* **Assignment**: When you reach the line containing "freshmen and making", please repeat it and every line after it exactly, through the end of the listing below, skipping pictures.

* **Information shown**:
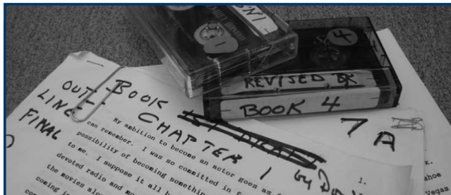
A manuscript and audio cassette tapes provide an intimate look into Don Knotts' life.

freshmen and making them shout that famous cheer.
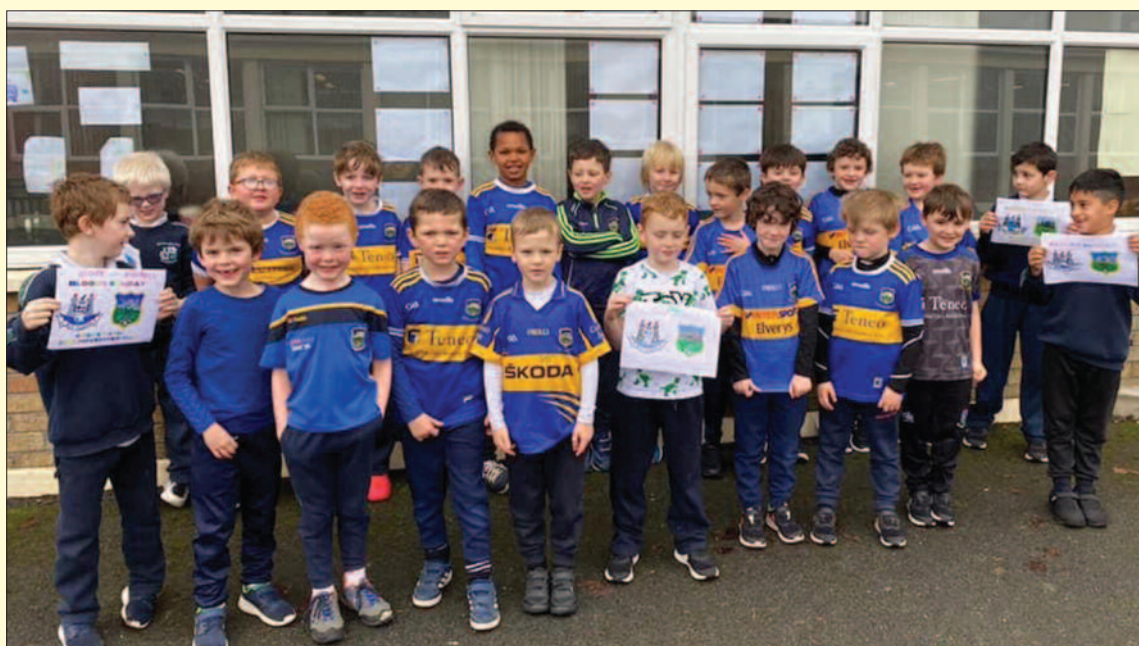
Primary school children wearing the jersey.

* **Solution to the exercise**:
freshmen and making them shout that famous cheer.
Primary school children wearing the jersey.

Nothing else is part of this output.